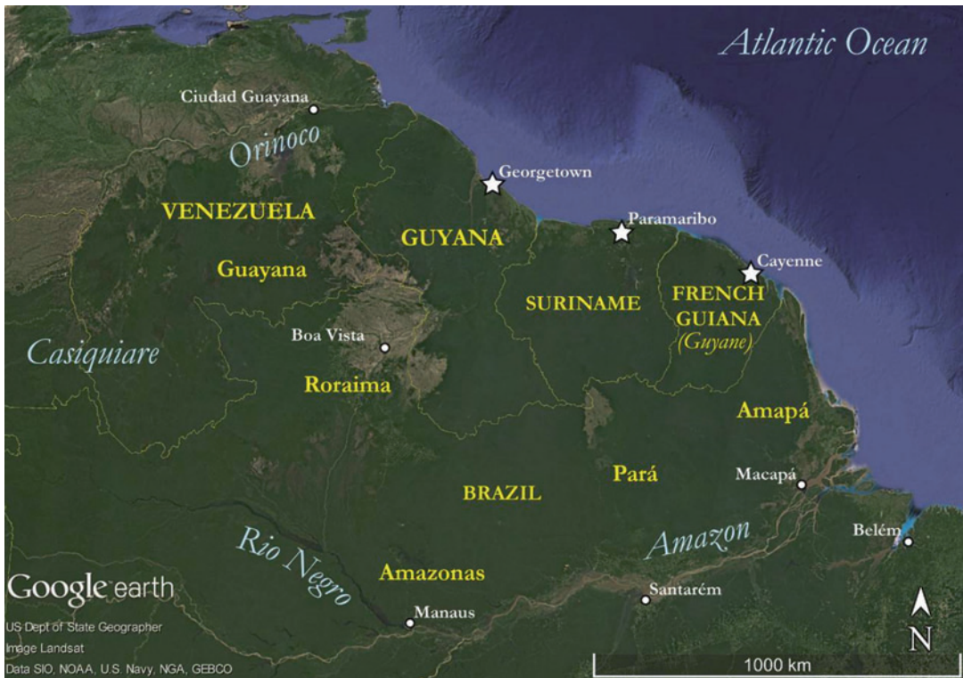
Archaeological Agenda in the Guianas, Fig. 1 Guiana (map by the author; source satellite image: Google Earth, August 27, 2016)

“The Guianas” refers to the three former colonies of, respectively, the United Kingdom (Guyana), the Netherlands (Suriname), and France (French Guiana or Guyane ). The Dutch used to have colonies or trading settlements in all five Guianas, yet their presence was most substantial in Guyana and Suriname. The colonies of Essequibo, Demerara, and Berbice (currently located in Guyana) used to be part of Dutch Guiana between 1667 and 1814. Guyana gained independence from the United Kingdom in 1966. Suriname became a constituent country within the Kingdom of the Netherlands in 1954 and gained independence in 1975. Today, French Guiana is an overseas department of France, and thus part of Europe. Venezuelan Guayana (Venezuela declared itself independent from the Spanish Crown in 1811) and the Brazilian territory east of the Rio Negro and north of the Amazon, i.e., the Brazilian states of Roraima and Amapá and the states of Pará and
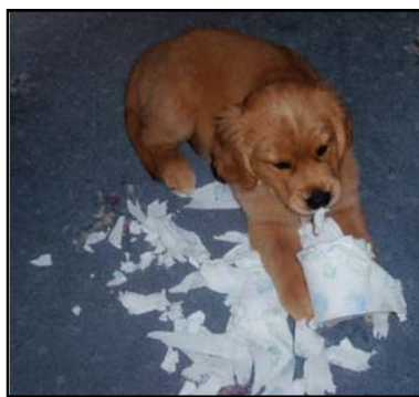
Polite behaviour must be taught. Dogs have no sense of right or wrong.

A problem behaviour is akin to a bad habit and can be 'broken' with appropriate obedience training.
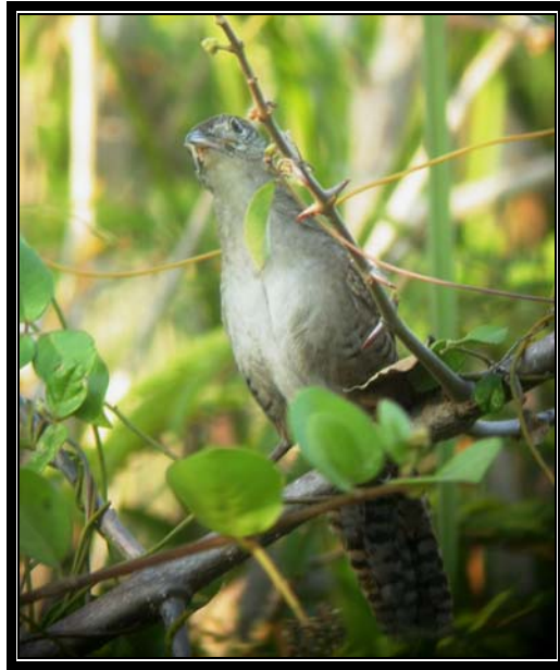
Zapata Wren, El Carmelo, Zapata
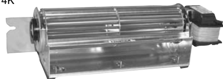
Fig. 11 RB68
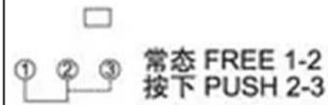
电路图 circuit diagram
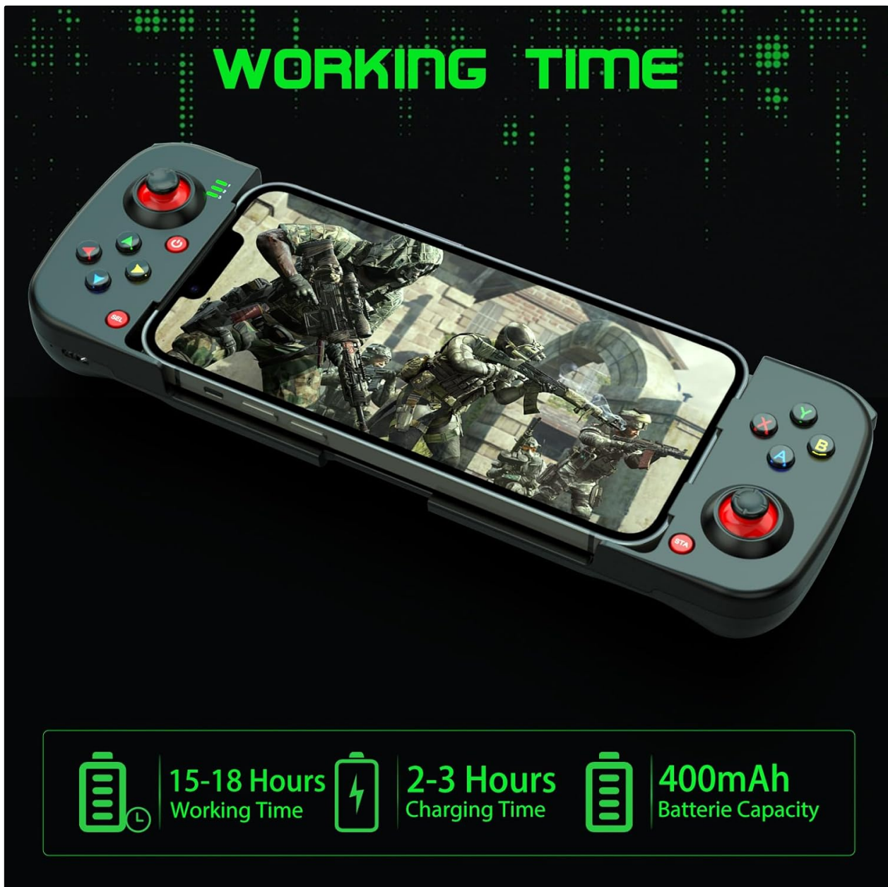
Image: This image illustrates the working time, charging time, and battery capacity of the Jojo D3 controller. It shows a working time of 15-18 hours, a charging time of 2-3 hours, and a 400mAh battery capacity.
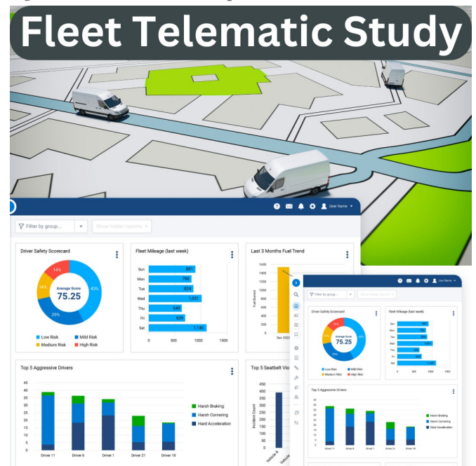
Figure 1. Fleet Telematic Graphic

In addition to providing use with information to better understand fleet emissions, these devices could also provide your organization with the following data points:
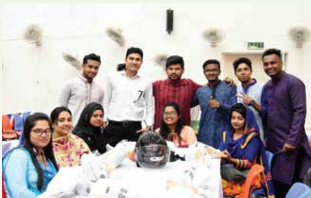
BBA students participating in Iftar Mahfil

The college has no students' council. But there is a students' welfare council under the supervision
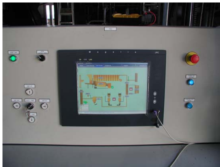
BIR 125 : 300 kg/h, Singapore + Dry scrubber
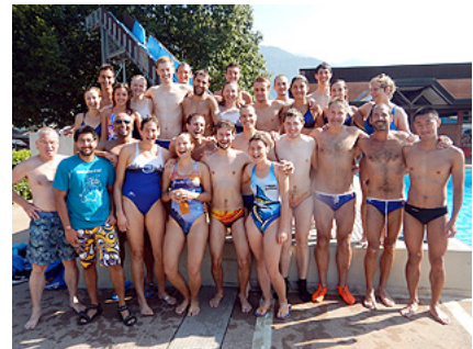
The end of a successful weekend
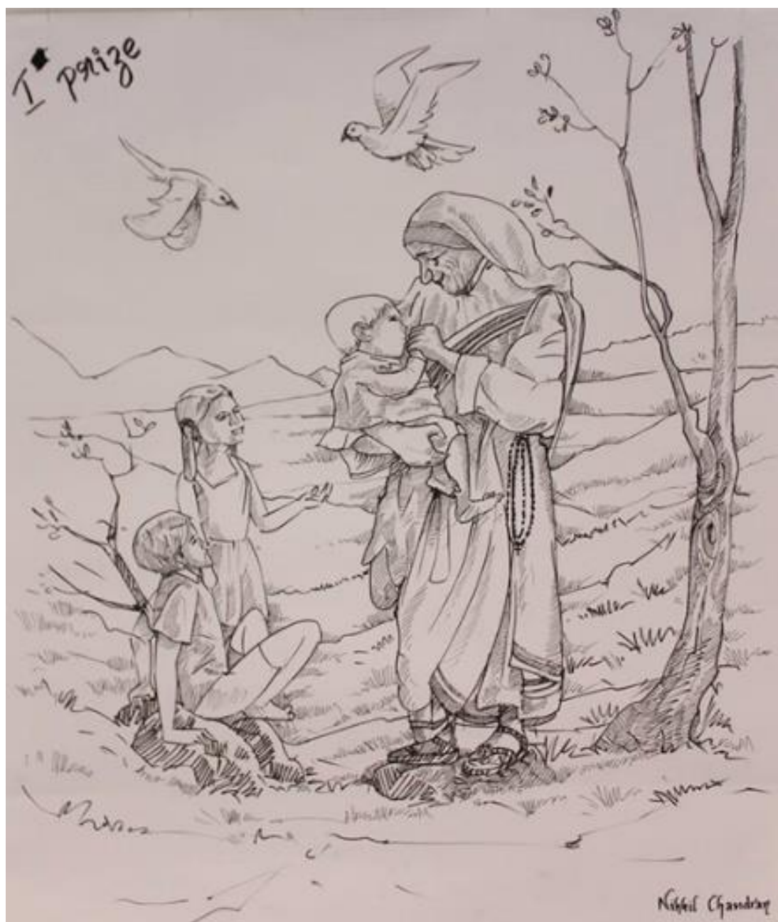
Mother Theresa- Poster design Competition

A poster designing competition and exhibition on Mother Theresa was held on 5 th September 2016 in connection with declaration of sainthood to Mother Theresa. The event was conducted by Jesus Youth.
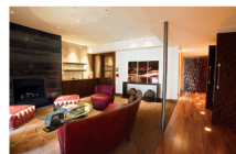
Entertaining with Wine
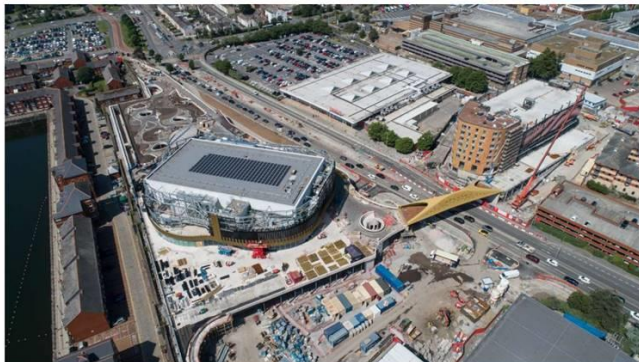
Arena – from the East

Business/operational model to be finalized
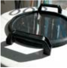
Window to control the trims level
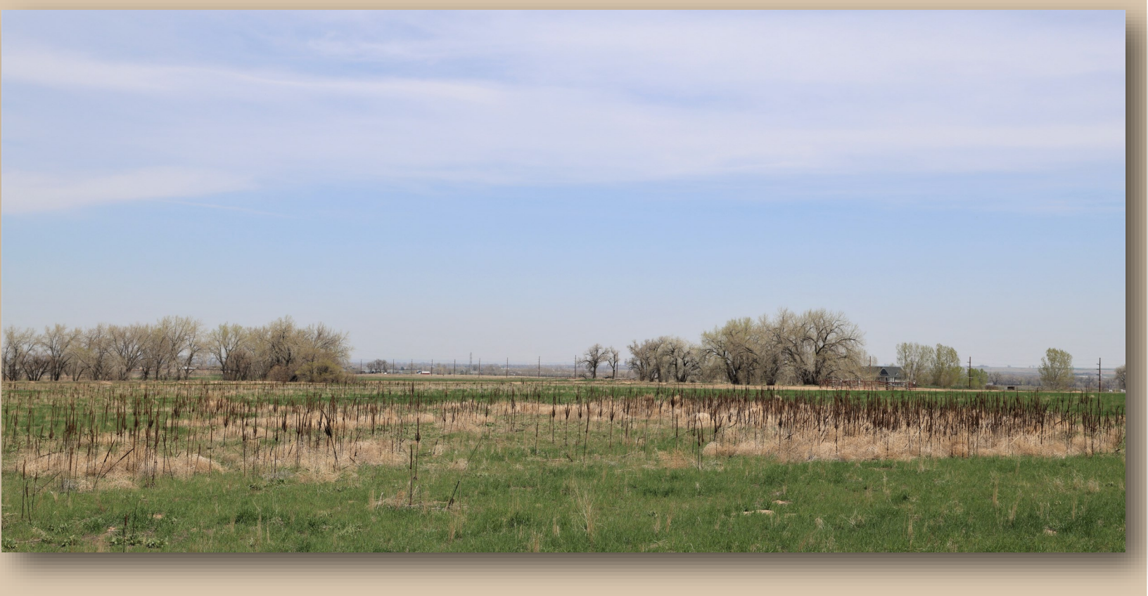
From Hwy 119/I-25 east to County Road 19, access is south of CR 24 approx. 1/3 mile
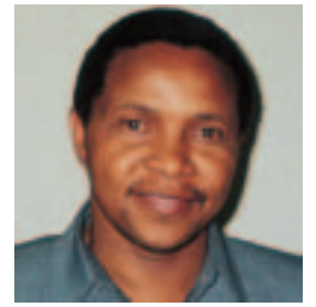
JAKAYA M. KILWETE Minister of Foreign Affairs and International Cooperation
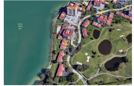
Built in 1978 - 64 units - 6 floors
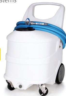
30-gal Rolling Foamer AF08FI-30N
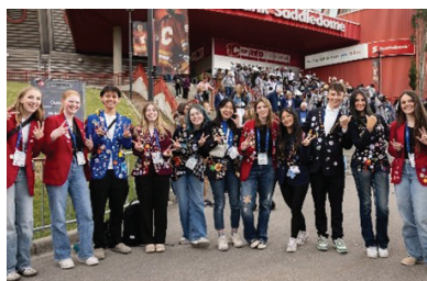
RI Convention – RYE Students
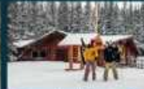
Hinton Nordic Centre, AB
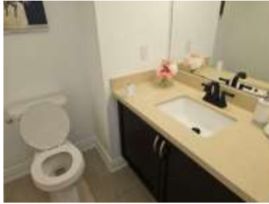
Pic. 32: Powder room
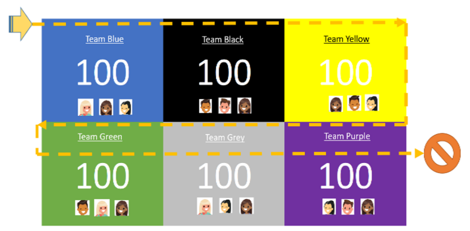
Figure 1. Starting stage of CrossQuestion game
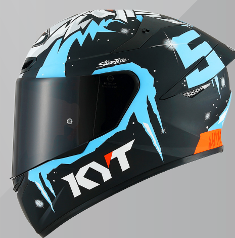
TATI REPLICA ECE CODE YSTT0016
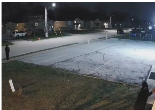
Hindu Temple Vandalised in Ontario, Canada
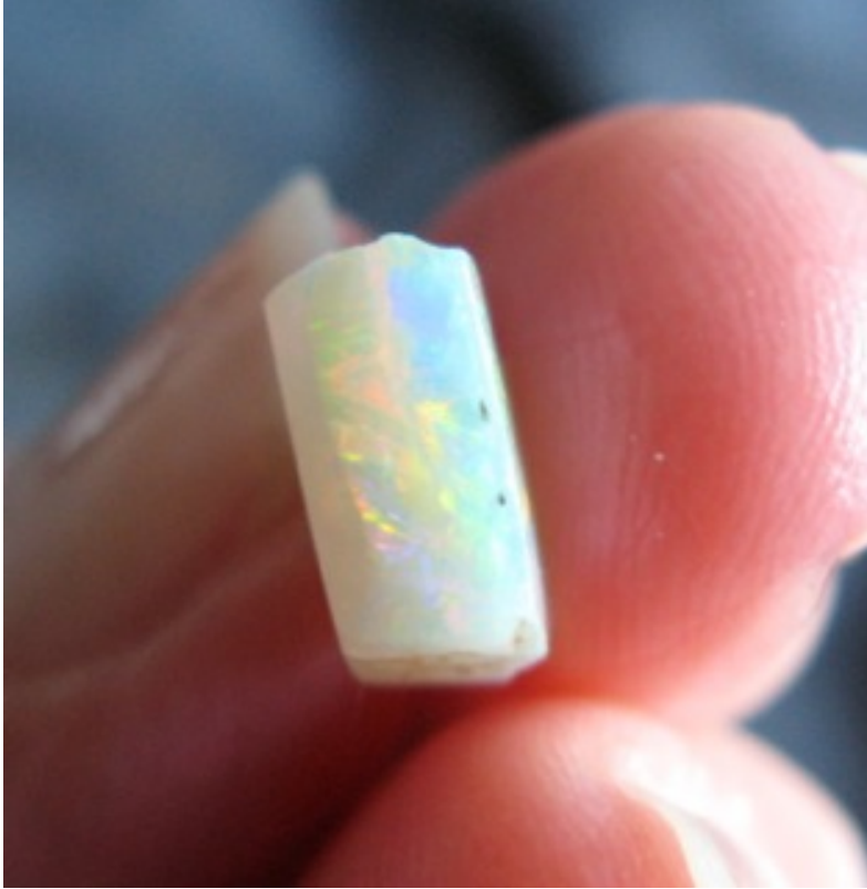
2. $60 IMG_6765 Andamooka Gem 2.7cts
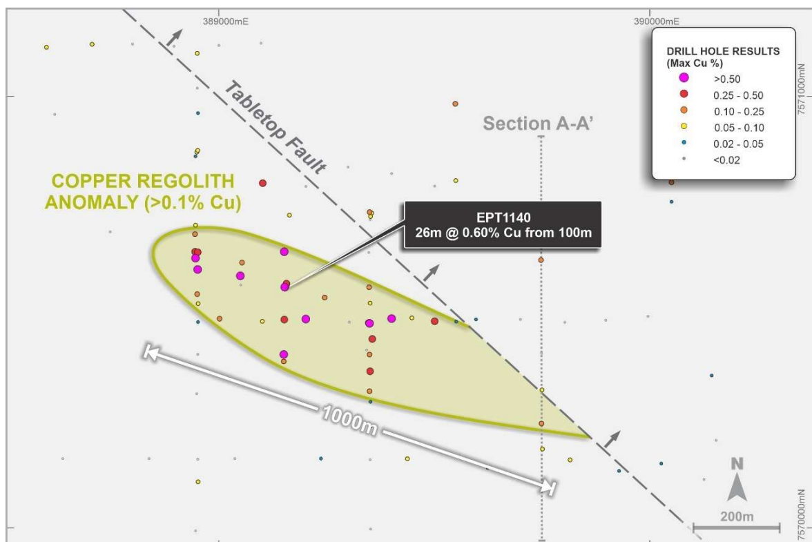
Figure 3 - Millennium drill hole location plan (max in hole Cu)

There was no field work carried out on this project during the quarter.
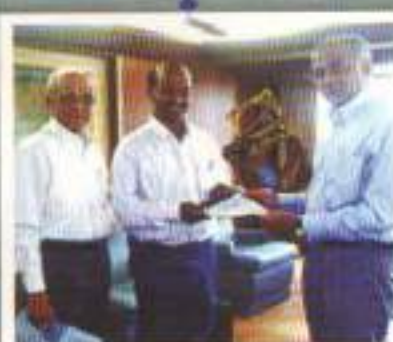
Wellington Corporate Foundation
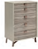
5/DRW. CHEST KJJP115 With 5 drawers

inch W 27" D 17" H 27" cm L 69 P 43,3 H 68,7 Crts 1 kg 37 m 3 0,23
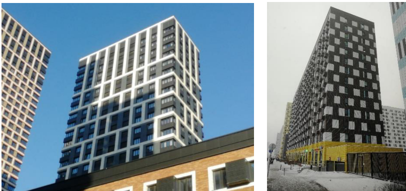
Fig. 10. “Level Amurskaya” (Moscow) and “Yaroslavsky” (Mytishchi).

And the last trend is due to the fact that some construction companies build absolutely lapidary boxes of residential buildings, which are devoid of any architectural details. Moving away from monotony is achieved by creating the optical illusions of facade three-dimensionality with the active introduction of black color, sometimes even in aggressive combinations, such as black and yellow, which is used to designate dangerous areas (Fig. 10).
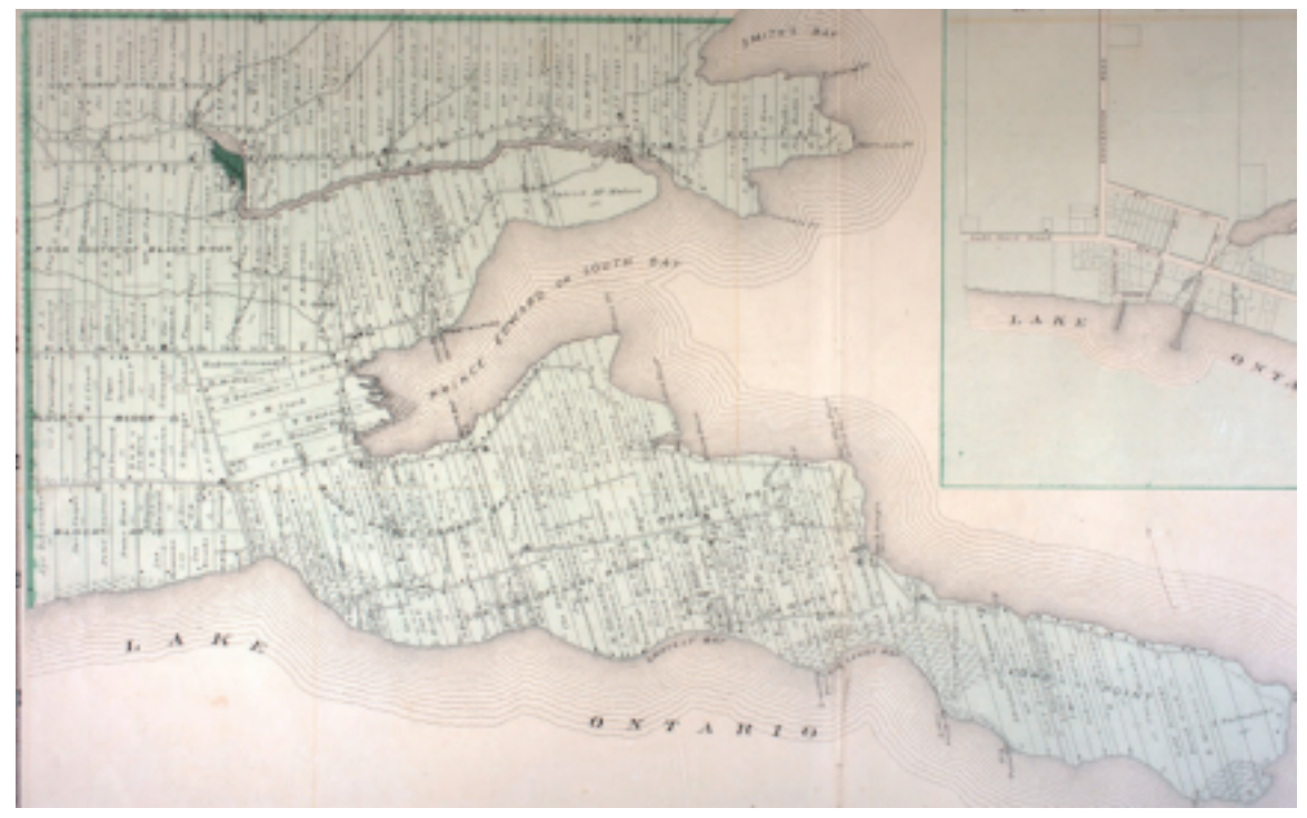
South Marysburgh Township.

Evident in the historical atlas mapping from the mid-19<sup>th</sup> century is a development pattern of long, narrow lots that front either on roads or on the shoreline (important before the development of roads). This survey pattern is uncommon outside of Quebec and appears to have been an attempt to offer what were the first wave of settlers in this part of Ontario an equitable share of frontage on the main access route. In Athol the predominant orientation of lots is north-south, with a few anomalies running east-west (e.g. on the north side of Soup Harbour) that respond to local wetlands. In South Marysburgh the lot pattern resembles that of neighbouring Athol until it becomes skewed to the northwest as a response to the curving shorelines on both sides of the peninsula. Development in both townships is concentrated along roads but there is also evidence of housing in the shallow bays along the south shore and around South Bay.

····················

## WHAT YOU SHOULD DO:
Look above for the line with "The end of a successful weekend" and the line with "Wellington Corporate Foundation". Give again exactly those two lines and all lines between them, pictures excluded.

## RESULT FOR THIS EXERCISE:
The end of a successful weekend
Mother Theresa- Poster design Competition

A poster designing competition and exhibition on Mother Theresa was held on 5 th September 2016 in connection with declaration of sainthood to Mother Theresa. The event was conducted by Jesus Youth.
Entertaining with Wine
Arena – from the East

Business/operational model to be finalized
Window to control the trims level
From Hwy 119/I-25 east to County Road 19, access is south of CR 24 approx. 1/3 mile
JAKAYA M. KILWETE Minister of Foreign Affairs and International Cooperation
Built in 1978 - 64 units - 6 floors
30-gal Rolling Foamer AF08FI-30N
RI Convention – RYE Students
Hinton Nordic Centre, AB
Pic. 32: Powder room
Figure 1. Starting stage of CrossQuestion game
TATI REPLICA ECE CODE YSTT0016
Hindu Temple Vandalised in Ontario, Canada
2. $60 IMG_6765 Andamooka Gem 2.7cts
Figure 3 - Millennium drill hole location plan (max in hole Cu)

There was no field work carried out on this project during the quarter.
Wellington Corporate Foundation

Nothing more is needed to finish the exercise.